Governance and Financial Reporting Implications – NDB PLC

Thursday, 7 May 2026 04:08 -     - {{hitsCtrl.values.hits}}

The restatement of audited financials is a matter of significance. It implies that transactions underlying the fraud predate earlier reporting cycles and were not identified during those periods. This naturally raises questions regarding the effectiveness of internal controls, financial reporting processes, and audit procedures that were in place at the time. When financial statements that have been subject to audit subsequently require material revision, it highlights the need to closely examine the robustness of the overall control environment


I refer to my earlier letter concerning the recently disclosed fraud at National Development Bank PLC. (See https://www.ft.lk/opinion/Minority-shareholder-protection-and-corporate-accountability/14-791225)  The Bank’s latest interim financial statements provide further clarity that warrants deeper consideration from a financial reporting and governance perspective.

The financial disclosures now indicate that the total impact of the fraud, amounting to approximately Rs. 13.2 billion, has been allocated across multiple reporting periods, including periods prior to 2025, the financial year ended 2025, and the first quarter of 2026. Importantly, this has resulted in the restatement of previously reported and audited financial statements, including comparative figures.

The restatement of audited financials is a matter of significance. It implies that transactions underlying the fraud predate earlier reporting cycles and were not identified during those periods. This naturally raises questions regarding the effectiveness of internal controls, financial reporting processes, and audit procedures that were in place at the time. When financial statements that have been subject to audit subsequently require material revision, it highlights the need to closely examine the robustness of the overall control environment.

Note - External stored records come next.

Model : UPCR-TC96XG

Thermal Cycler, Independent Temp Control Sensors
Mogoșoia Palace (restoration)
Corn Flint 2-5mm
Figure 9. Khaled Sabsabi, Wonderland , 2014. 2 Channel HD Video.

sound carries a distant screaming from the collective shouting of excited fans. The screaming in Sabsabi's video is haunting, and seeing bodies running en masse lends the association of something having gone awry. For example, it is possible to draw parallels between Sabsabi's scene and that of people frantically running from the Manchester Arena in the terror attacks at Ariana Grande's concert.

Further, the allocation of the fraud impact across more than one financial year suggests that the underlying activities extended over a prolonged duration, spanning at least one financial year-end. This reinforces the importance of evaluating the effectiveness of ongoing monitoring mechanisms, including internal audit functions and periodic risk assessments, in identifying anomalies on a timely basis.



Tax treatment

As noted in my earlier letter, there is also the question of the tax treatment of the fraud-related losses and associated expenses. Based on prevailing tax principles, it is uncertain whether such losses and the costs connected with investigations, recovery efforts, and remediation would qualify for tax deductibility. To the extent that these amounts are disallowed for tax purposes, the full economic burden would fall on shareholders, without the benefit of any corresponding tax shield. This aspect warrants greater clarity, as it has a direct bearing on the ultimate impact of the incident on shareholder value.

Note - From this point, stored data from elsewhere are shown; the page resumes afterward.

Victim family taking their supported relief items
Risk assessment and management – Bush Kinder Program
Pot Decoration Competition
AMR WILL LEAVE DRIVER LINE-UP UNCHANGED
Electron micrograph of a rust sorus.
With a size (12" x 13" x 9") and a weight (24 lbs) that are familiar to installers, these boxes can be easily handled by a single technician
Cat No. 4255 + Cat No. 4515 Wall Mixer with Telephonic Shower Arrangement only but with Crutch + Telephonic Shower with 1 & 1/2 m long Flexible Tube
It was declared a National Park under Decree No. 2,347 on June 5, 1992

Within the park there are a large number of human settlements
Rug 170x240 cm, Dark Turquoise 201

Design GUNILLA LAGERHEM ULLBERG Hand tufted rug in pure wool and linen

Taken together, the restatement of prior period financial statements and the uncertainties surrounding the tax treatment of fraud-related losses underscore the need for enhanced transparency on the full financial and economic implications of this incident.

In this context, the ongoing forensic review presents an important opportunity to provide clarity on the sequence of events, the adequacy of controls, and the lessons that can be drawn. Given the importance of maintaining confidence in the banking system, it is essential that the findings are communicated in a timely and transparent manner, with appropriate focus on accountability and the strengthening of governance frameworks.

I believe that a thorough and transparent evaluation of this matter will not only serve the interests of the Bank’s stakeholders but also contribute meaningfully to reinforcing financial reporting and governance standards across the wider financial sector.